Required action
Reproduce the records word for word, leaving out any pictures they hold.

(Stored items)
┄┄┄┄┄┄┄┄┄┄┄┄┄┄┄┄┄┄┄┄

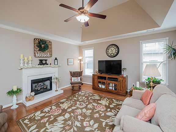 Large islandCozy fireplaceVersatile bonus roomPrivacy fenceCrown moldingScreened sunroomUpdated kitchen
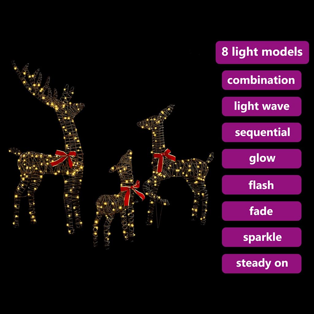 vidaXL Οικογένεια Ελαφιών 3 pcs Θερμό λευκό 67 x 26 x 127 εκ Ρατάν
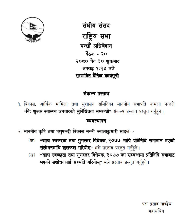 काठमाडौं। राष्ट्रियसभा बैठक बस्दैँछ । संघीय संसद भवन, नयाँ बानेश्वरमा उक्त बैठक बस्नेछ । बैठक दिउँसो १ः१५ बजे बोलाइएको छ। आजको बैठकमा विकास, आर्थिक मामिला तथा सुशाषन समितिका सभापति कमला पन्तले ‘निःशुल्क स्वास्थ्य उपचारको सुनिश्चितता सबन्धी’ संकल्प प्रस्ताव प्रस्तुत गर्नेछन् । कृषी तथा पशुपन्छी विकास मन्त्री ज्वालाकुमारी साहले ‘खाध्ध स्वच्छता तथा गुणस्तर बिधेयक २०७७ प्रतिनिधिसभावाट भएका संसोधन माथी छलफल गरियोस’ र सो ‘संसोधनलाइ सहमति गरियोस्’ भन्ने प्रस्ताव प्रस्तुत गर्ने महासचिव पदम प्रसाद पाण्डेले सार्बजनिक गरेको सम्भावित कार्यसुचीमा उल्लेख रहेको छ ।
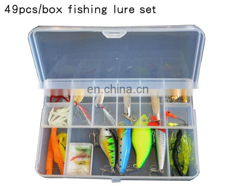 Главная > Продукты > комплект рыболовных приманок > 49 штук смешанного набора рыболовных приманок: миноны, вобблеры, кренкбеиты, жёсткие приманки, рыболовный снаряд, набор искусственных рыболовных приманок
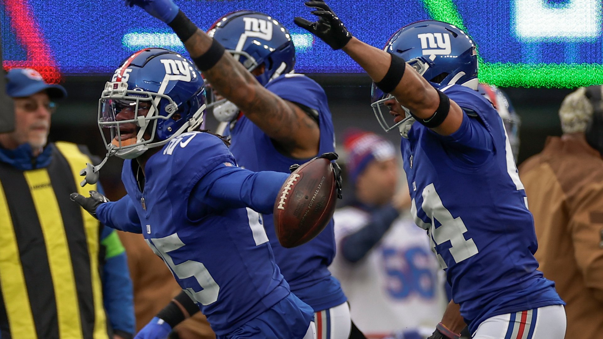 Rookie cornerback Deonte Banks made his second interception of the season late in the first quarter for the Giants' first takeaway.
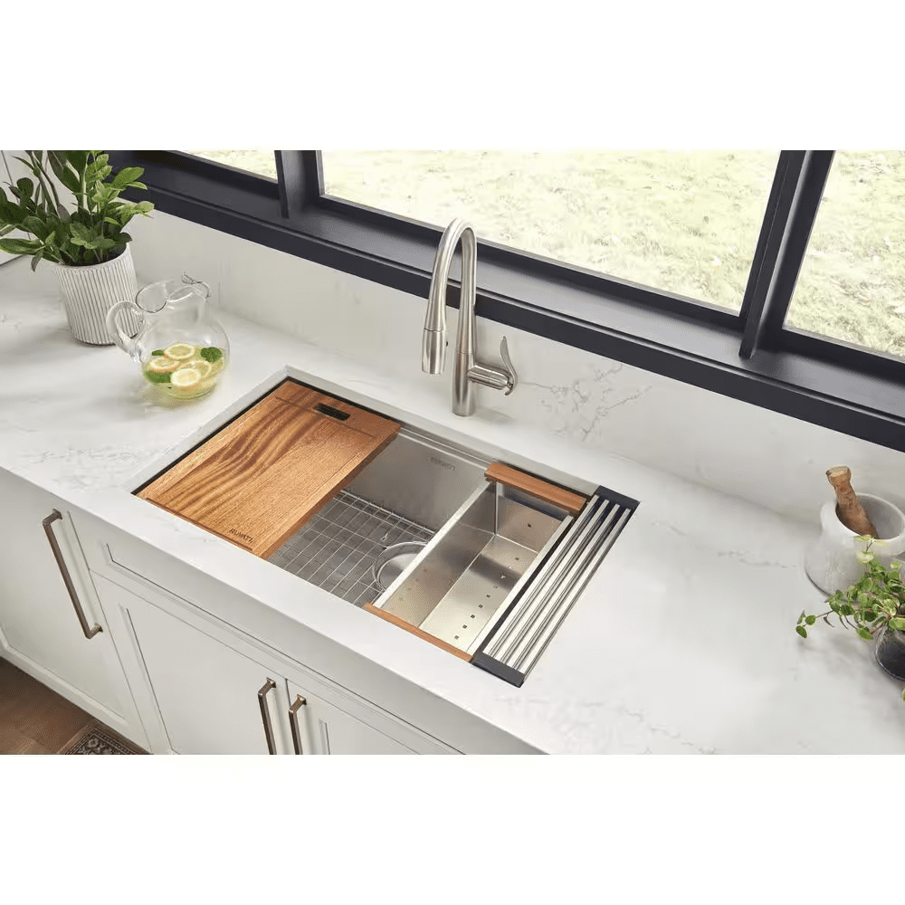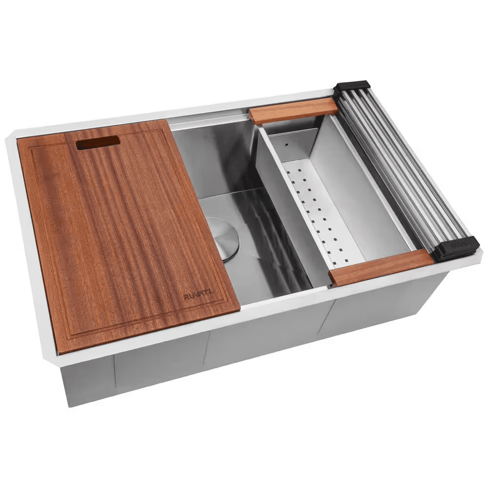 Convert your kitchen sink into a fully functional workstation with the Roma collection from Ruvati. Featuring an undermount installation and sharp inside corners, modernity is apparent. The workstation design features a built-in ledge that provides a platform for Ruvati’s unique accessories. Each sink in the Roma collection features a solid hardwood cutting board and decorative drain cover. Some also include a stainless steel colander or Ruvati’s patented foldable drying rack. With the Roma collection, you can do all your prep work on top of your sink and keep your countertops free of mess.
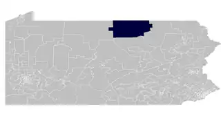 The 68th District encompasses parts of Bradford County and all of Tioga County, and includes the following areas:[1]
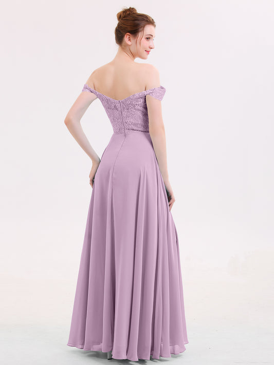 Babaroni LillianLillian Fuera Del Hombro Gasa Y Encaje Imperial Vestido Wisteria
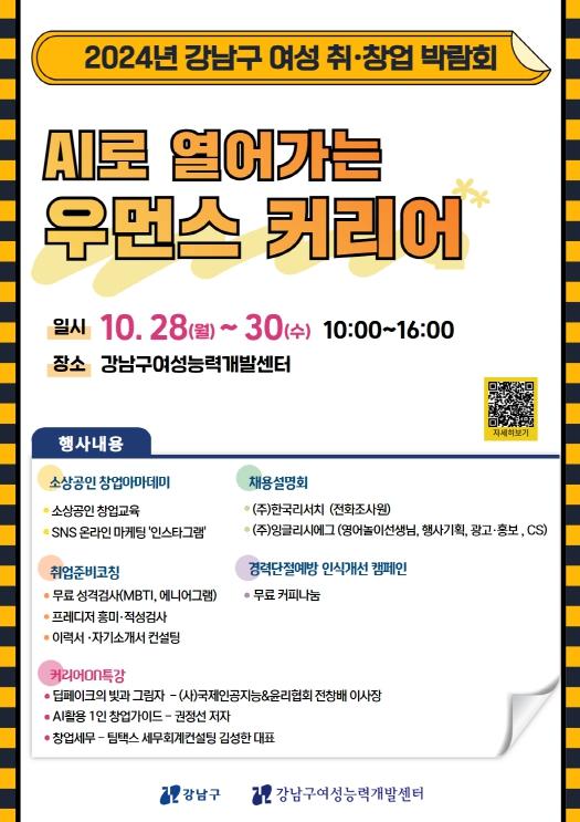꿈이 모이는 도시, 미래를 그리는 강남구가 오는 10월 28일부터 30일까지 강남구여성능력개발센터에서 제14회 강남구 여성 취·창업 박람회 ‘AI로 열어가는 우먼스 커리어’를 개최한다.
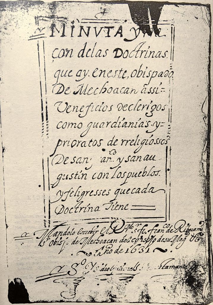 La descripción antigua de los curatos y doctrinas, un libro que se escribió en los primeros años del siglo XVII, que tiene la inscripción «libro de la minuta de las doctrinas que ay en este Obispado de Mechoacan, Assi veneficios de clérigos como guardianías y prioratos» es la más amplia descripción de los curatos diocesanos, agustinos y franciscanos del antiguo Obispado de Michoacán.
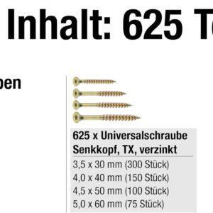 Das Connex Universalschrauben-Sortiment enthält Schrauben in unterschiedlichen Größen, sowohl als Voll- als auch als Teilgewinde-Ausführung. Die genaue Größenstaffelung ist auf die gängigsten Holzverbindungen im Haus-, Hobby- und Werkstattbereich abgestimmt. Mit 625 Teilen bietet das Set eine praktische Grundausstattung für vielfältige Verschraubungsarbeiten.
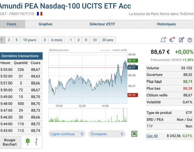 A la clôture vendredi 24 octobre 2025 le PEA NASDAQ-100 UCI la valeur était de 86,52€ et non pas 88,61€ comme indiqué à cet instant 15h58.
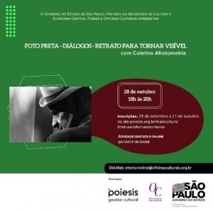 Com coordenação do Coletivo Afrotometria, o debate “Foto Preta – Diálogos” tem como convidado Wagner Celestino e mediação de Tiago Alexandre Santana. A atividade acontece 28 de outubro, das 18h às 20h. São disponibilizadas 60 vagas para um público com idade acima de 16 anos, sendo que serão selecionados os primeiros inscritos. As inscrições ocorrem até o dia 21 de outubro, por meio do link https://forms.gle/5itdq4PayEeTNuvHA
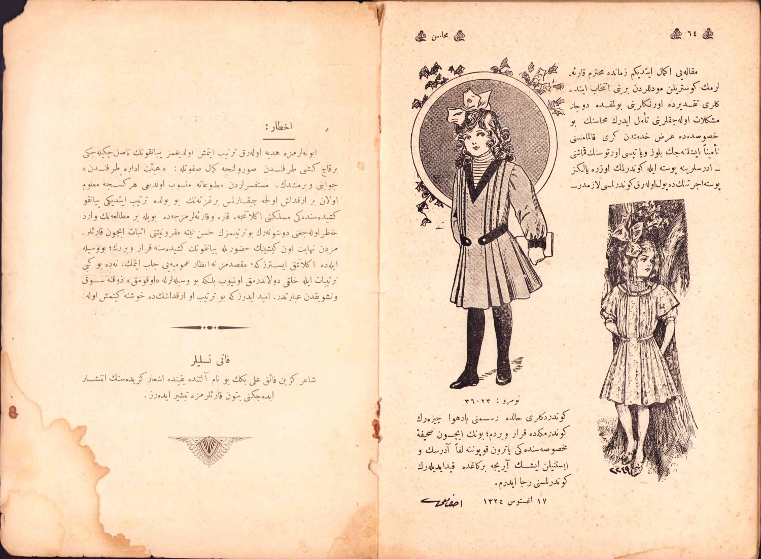 Osmanlıca 1324 tarihli Mahasin Mecmuası 1. SAYI, Dernesesyan Matbaası, Dersaadet, 64 sayfa, 16x24 cm
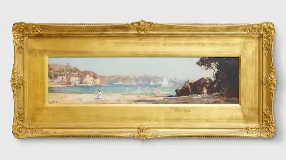 Lot 30 – Arthur Streeton, Mosmany Bay, c1907, oil, 16 x 65 cm, est. $300,000-$500,000. “Fair Dinkum” – “unquestionably good or genuine”
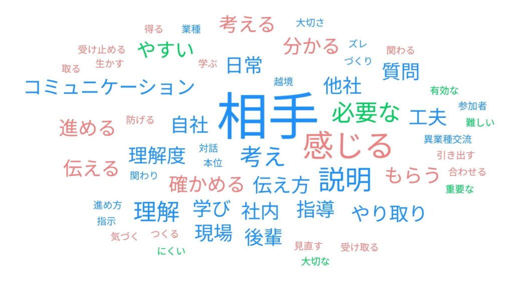 - 自分の考えを伝えるだけでなく、相手がどう受け取っているかを確認しながら進める必要があると感じた。

┄┄┄┄┄┄┄┄┄┄┄┄┄┄┄┄┄┄┄┄

Task solution
 Large islandCozy fireplaceVersatile bonus roomPrivacy fenceCrown moldingScreened sunroomUpdated kitchen
 vidaXL Οικογένεια Ελαφιών 3 pcs Θερμό λευκό 67 x 26 x 127 εκ Ρατάν
 काठमाडौं। राष्ट्रियसभा बैठक बस्दैँछ । संघीय संसद भवन, नयाँ बानेश्वरमा उक्त बैठक बस्नेछ । बैठक दिउँसो १ः१५ बजे बोलाइएको छ। आजको बैठकमा विकास, आर्थिक मामिला तथा सुशाषन समितिका सभापति कमला पन्तले ‘निःशुल्क स्वास्थ्य उपचारको सुनिश्चितता सबन्धी’ संकल्प प्रस्ताव प्रस्तुत गर्नेछन् । कृषी तथा पशुपन्छी विकास मन्त्री ज्वालाकुमारी साहले ‘खाध्ध स्वच्छता तथा गुणस्तर बिधेयक २०७७ प्रतिनिधिसभावाट भएका संसोधन माथी छलफल गरियोस’ र सो ‘संसोधनलाइ सहमति गरियोस्’ भन्ने प्रस्ताव प्रस्तुत गर्ने महासचिव पदम प्रसाद पाण्डेले सार्बजनिक गरेको सम्भावित कार्यसुचीमा उल्लेख रहेको छ ।
 Главная > Продукты > комплект рыболовных приманок > 49 штук смешанного набора рыболовных приманок: миноны, вобблеры, кренкбеиты, жёсткие приманки, рыболовный снаряд, набор искусственных рыболовных приманок
 Rookie cornerback Deonte Banks made his second interception of the season late in the first quarter for the Giants' first takeaway.
 Convert your kitchen sink into a fully functional workstation with the Roma collection from Ruvati. Featuring an undermount installation and sharp inside corners, modernity is apparent. The workstation design features a built-in ledge that provides a platform for Ruvati’s unique accessories. Each sink in the Roma collection features a solid hardwood cutting board and decorative drain cover. Some also include a stainless steel colander or Ruvati’s patented foldable drying rack. With the Roma collection, you can do all your prep work on top of your sink and keep your countertops free of mess.
 The 68th District encompasses parts of Bradford County and all of Tioga County, and includes the following areas:[1]
 Babaroni LillianLillian Fuera Del Hombro Gasa Y Encaje Imperial Vestido Wisteria
꿈이 모이는 도시, 미래를 그리는 강남구가 오는 10월 28일부터 30일까지 강남구여성능력개발센터에서 제14회 강남구 여성 취·창업 박람회 ‘AI로 열어가는 우먼스 커리어’를 개최한다.
 La descripción antigua de los curatos y doctrinas, un libro que se escribió en los primeros años del siglo XVII, que tiene la inscripción «libro de la minuta de las doctrinas que ay en este Obispado de Mechoacan, Assi veneficios de clérigos como guardianías y prioratos» es la más amplia descripción de los curatos diocesanos, agustinos y franciscanos del antiguo Obispado de Michoacán.
 Das Connex Universalschrauben-Sortiment enthält Schrauben in unterschiedlichen Größen, sowohl als Voll- als auch als Teilgewinde-Ausführung. Die genaue Größenstaffelung ist auf die gängigsten Holzverbindungen im Haus-, Hobby- und Werkstattbereich abgestimmt. Mit 625 Teilen bietet das Set eine praktische Grundausstattung für vielfältige Verschraubungsarbeiten.
 A la clôture vendredi 24 octobre 2025 le PEA NASDAQ-100 UCI la valeur était de 86,52€ et non pas 88,61€ comme indiqué à cet instant 15h58.
 Com coordenação do Coletivo Afrotometria, o debate “Foto Preta – Diálogos” tem como convidado Wagner Celestino e mediação de Tiago Alexandre Santana. A atividade acontece 28 de outubro, das 18h às 20h. São disponibilizadas 60 vagas para um público com idade acima de 16 anos, sendo que serão selecionados os primeiros inscritos. As inscrições ocorrem até o dia 21 de outubro, por meio do link https://forms.gle/5itdq4PayEeTNuvHA
 Osmanlıca 1324 tarihli Mahasin Mecmuası 1. SAYI, Dernesesyan Matbaası, Dersaadet, 64 sayfa, 16x24 cm
 Lot 30 – Arthur Streeton, Mosmany Bay, c1907, oil, 16 x 65 cm, est. $300,000-$500,000. “Fair Dinkum” – “unquestionably good or genuine”
 - 自分の考えを伝えるだけでなく、相手がどう受け取っているかを確認しながら進める必要があると感じた。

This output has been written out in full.